The book explains several ways to upload your photos to your Flickr homepage. You can do it through the site itself, you can download a batch loader or your can use two of my favorite apps developed by Fraser Speirs of Connected Flow. He’s built a plug-in uploader for iPhoto and has just released, probably as this book was going to to press, an a Tiger Automator action that enables you to upload a selected image file directly to your Flickr homepage. With this action, you don’t have to open an application, fill in a box, or even convert the size of your selected image. Just control click and upload. Simple, easy, and fast.

For us advance Flickr members, Flickr Hacks reveals what is called the API underpinnings of the site. According to the authors, API is an “incredible application program interface (API), which lets you interact with Flickr in unique and powerful ways.” Pages and pages of various codes and command line language might scare off many potential readers of this book. Even a title with the word “hacks” might either excite the loins of young emerging computer programers or make novice computer users scared they’re doing something illegal. But the latter is not the case. If you carefully read the instructions for the 50 different hacks explained in this book, you can possibly have more fun and save more time navigating Flickr itself.

Of course, the book gives a link to a ZIP archive file of all the individual codes and scripts discussed in the book already saved as text files. As of this writing, the webpage for this link is not posted, but I’m sure that will be remedied very soon.

Some of the more advanced hacks in this books don’t seem worth the trouble for me personally, but many others I plan to give a try. I would like for example to customize my Flickr badge for my blog site, create contact sheets of my favorite Flickr photos, capture all the comments I’ve made on the photos of other Flickr members. The advance hacks explained in this book are not essential to exploring the site, but if you’re interested in learning more about the underpinnings of web programming, learning how to run these programmatic hacks on OS X’s Terminal (Unix) command line or as CGI or PHP scripts on your web site or server, it wouldn’t be a waste of time.

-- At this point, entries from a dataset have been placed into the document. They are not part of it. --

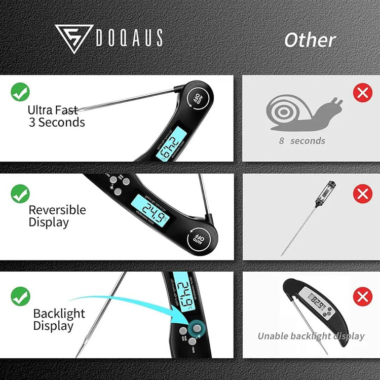 فوق العاده سریع و دقیق ۳ ثانیهای: دماسنج فوری DOQAUS، دما را در عرض ۳ ثانیه به طور دقیق اندازهگیری میکند! دماسنج غذا با دقت ۱- درجه و طیف وسیعی از دماهای -۵۸ تا ۵۷۲ درجه فارنهایت / -۵۰ تا ۳۰۰ درجه سانتیگراد. دماسنج گوشت دیجیتال ما تقریباً برای همه مناسبتهای آشپزی به شما خدمت میکند: استیک، کباب، مربا یا آبجوی یخی، از گرمای شدید تا سرمای انجماد. دستورالعملهای دما روی بستهبندی به شما کمک میکند تا به پختگی دلخواه غذای خود برسید.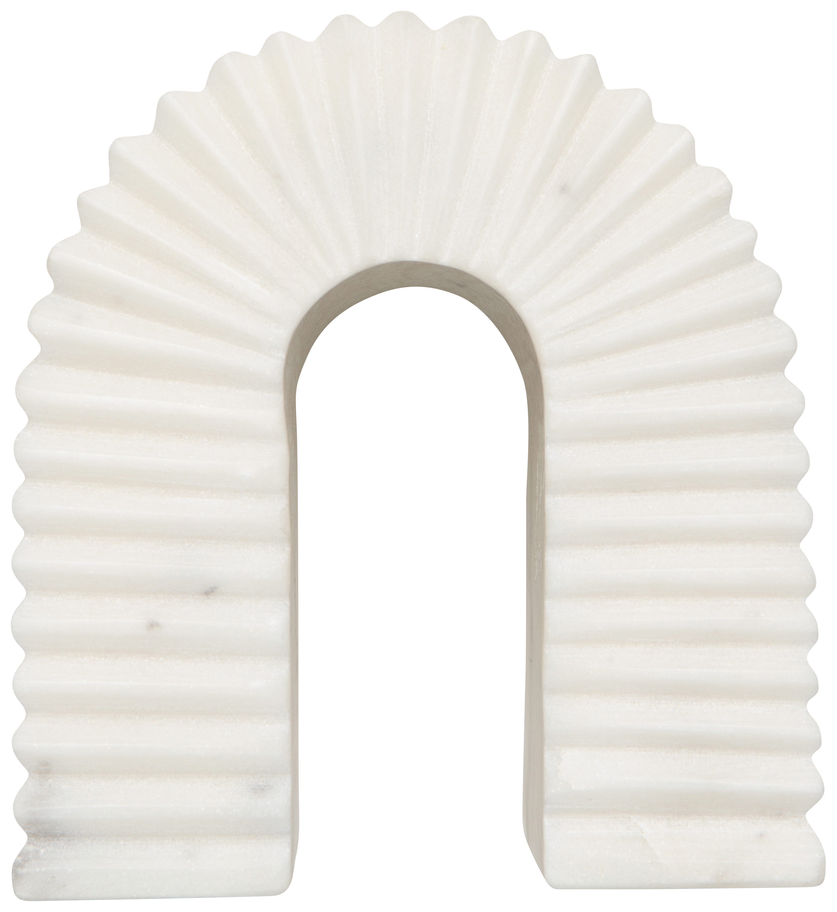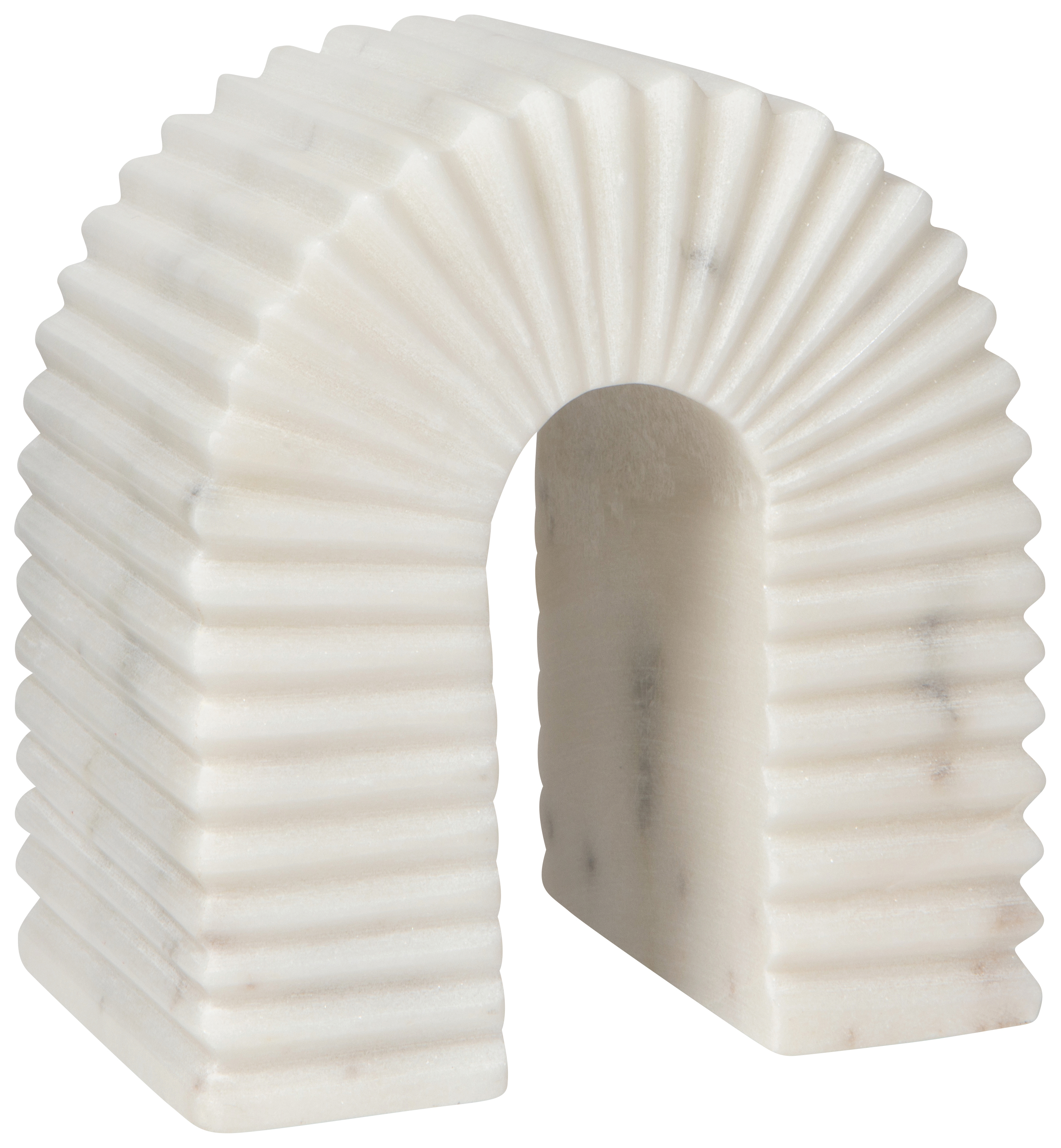 - The clean, cool Arch creates a canvas for stylish entertaining. Carved from marble, this sculptural form captures the poetry of stone. Veins and contours are polished to a soft, luminous sheen, adding artful interest to shelves, mantels, and curated displays. It can also double as a bookend to elegantly prop up your cherished volumes. Dimensions: W3 x L4.5 x H5in Material: 100% Marble Care Instructions: Wipe with a soft damp cloth.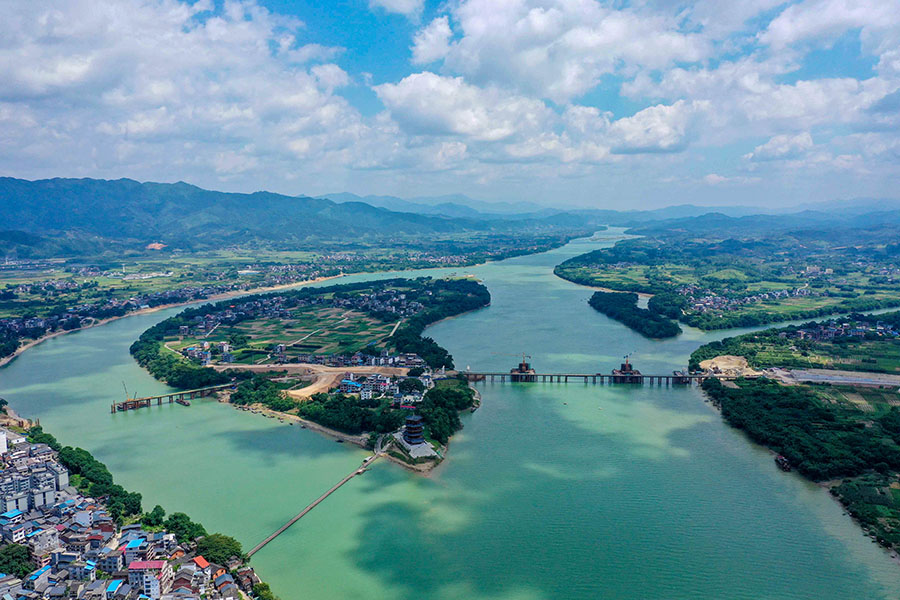 广西柳州市融安县段天气晴好,江水碧绿,蓝天白云下的融江宛如一条玉带镶嵌在桂北大地。 新华社发(谭克兴 摄)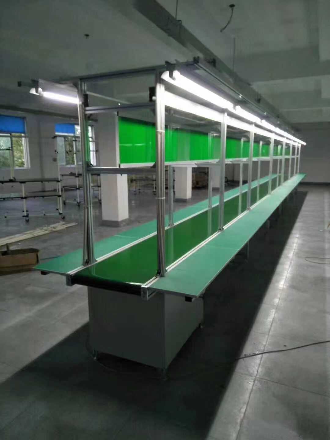 皮帶線廣泛應用于家電、電子、電器、機械、煙草、注塑、郵電、印刷、食品等各行各業,物件的組裝、檢測、調試、包裝及運輸等。線體輸送可根據工藝要求選用:普通連續運行、節拍運行、變速運行等多種控制方式;線體因地制宜選用:直線、彎道、斜坡等線體形式。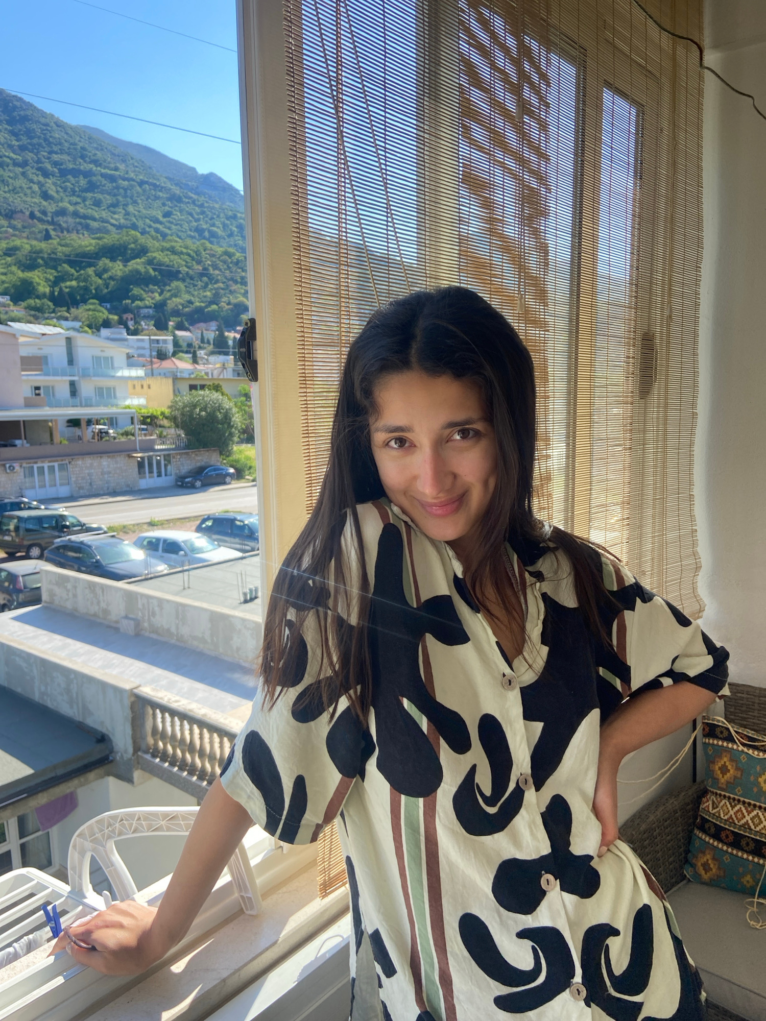 A young woman with long dark hair is captured in a relaxed pose on a sunny balcony, looking directly at the viewer with a gentle smile. She is lying down or reclining, partially supported by wicker fu…read more

There are other advanced hacks about building a Flickr Color picker, modifying the metadata of your posted photos, tracking the favorite photos of your Flickr contacts, using Google Map to locate other Flickr members, or finding which Flickr members might be listed in your Address Book.

Many hacks in the book are crossed referenced so that after you’ve signed up as a Flickr member, you can basically start with any hack you like. Some hacks are merely just links to fun things you can do with your and other Flickr member’s photos. For example, Hack #46 references FD’s Flickr Toys which is a great collection of online apps that will convert your Flickr images into calendar pages, posters, mock magazine covers, slide shows, and much more. Numerous Flickr pools have been created to showcase cool photo projects based on these fun online tools.


(Created online using Flickr Toys)

O’Reilly’s Hack books are no doubt for more serious or discerning computer and digital technology users and programers, but Flickr Hacks should be very accessible to anyone who is a Flickr fan and wants to delve deeper into the site.